Thursday

A CONVERSATION
WITH
ARTIST NEAH BAHJI KELLY
BY MELISSA BULL






GESTURE 7





AFTER GESTURE 7




WHEN DID YOU START TO PAINT?

I first started to paint towards the end of my first year in college. I had a required painting class in the second semester of that year and that was when I started to develop a greater interest in painting. Before that I wasn’t too interested. My dad is a painter and I think because of that, I just never wanted to try it, it didn’t seem mysterious enough.


I think I am pretty influenced by minimalism and colour field painting. I also think that because of the way I work with paint, which is in a lot of layers with very thinned down paint, I have a strong relationship with people like Helen Frakenthaler and Morris Louis. I have definitely looked at these painters a lot.



WHAT IS THIS SERIES ABOUT?

This series is based on an article I read; at least this is where the idea began. I read an article by Zacharias Kunuk in which he talked about his filmmaking process. He talked about authenticity and something he termed “the significant gesture”. To Kunuk the significant gesture referred to the moment he captured on film of his actors portraying their parts in a very authentic way. Kunuk, in a lot of his films would have his actors improvise their parts which might give a better idea of the authenticity he was after. I heard this phrase and it captured my imagination. I wondered what it would look like in visual terms. Right away I saw it and felt it as something immediate, a gesture, a reaction, something with presence, something with a strong formal and compositional significance. I saw it as something that would dominate the compositional space in which it was situated. So with these ideas in mind I started practicing my gestures.
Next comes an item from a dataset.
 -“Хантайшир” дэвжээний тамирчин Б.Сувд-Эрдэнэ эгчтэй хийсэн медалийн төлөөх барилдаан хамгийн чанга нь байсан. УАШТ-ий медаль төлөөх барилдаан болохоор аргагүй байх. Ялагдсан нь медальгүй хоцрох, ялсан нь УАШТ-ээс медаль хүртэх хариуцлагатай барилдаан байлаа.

The style of them and the colours just sort of came about organically. I tried different tools and learned how to go about making the gestures so that they had presence, movement, interest, were resolved formally. I always saw them as one colour, the gesture, done in thick paint laid over top a surface done on raw canvas in washes. I don’t know exactly why, I just saw them that way. The colours were intuitive. I just start with one colour then my imagination leads me into another colour. Its always relational, even between the individual works in them selves, the colours are relational. I didn’t want them to be necessarily harmonious; I was interested more in fringe colours that would relate in unexpected unanticipated ways.


GESTURE 8


AFTER GESTURE 8



WHY DID YOU DECIDE TO ECHO YOUR PAINTED SERIES WITH A SERIES OF KNITTED "PAINTINGS"?
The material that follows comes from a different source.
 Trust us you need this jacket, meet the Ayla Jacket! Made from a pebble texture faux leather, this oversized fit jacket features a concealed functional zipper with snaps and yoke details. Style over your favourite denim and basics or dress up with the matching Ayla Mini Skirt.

Most things in art are mysterious and ideas come from who knows where. The best answer I have is that I am knitter so it is a language that is familiar to me, so perhaps it was a natural next step in expression. The best part about it is that knitting and cross-stitch could be considered a thousand little gestures. So it starts with copying one gesture, which is all about immediacy and reaction, with a gesture painting made up of a hundred tiny gestures, which is the opposite of a reaction though still authentic. These knitted paintings end up talking about authenticity in a different way, in terms of commitment and a level of discipline. I really enjoy the irony of it all. When it occurred to me to make knitted copies of the significant gesture paintings my immediate reaction was to laugh, and it is funny, it’s a funny way to think about them.


WHO TAUGHT YOU TO KNIT?

I think my mom taught me to knit. Although my mom isn’t sure because years later I taught her how to knit. I was really sick and had a bad fever and couldn’t read or watch TV, so to pass the time my mom showed me the basic knit stitch and I think I knitted that thing for years, until I was a teenager. And then I learned how to knit a scarf.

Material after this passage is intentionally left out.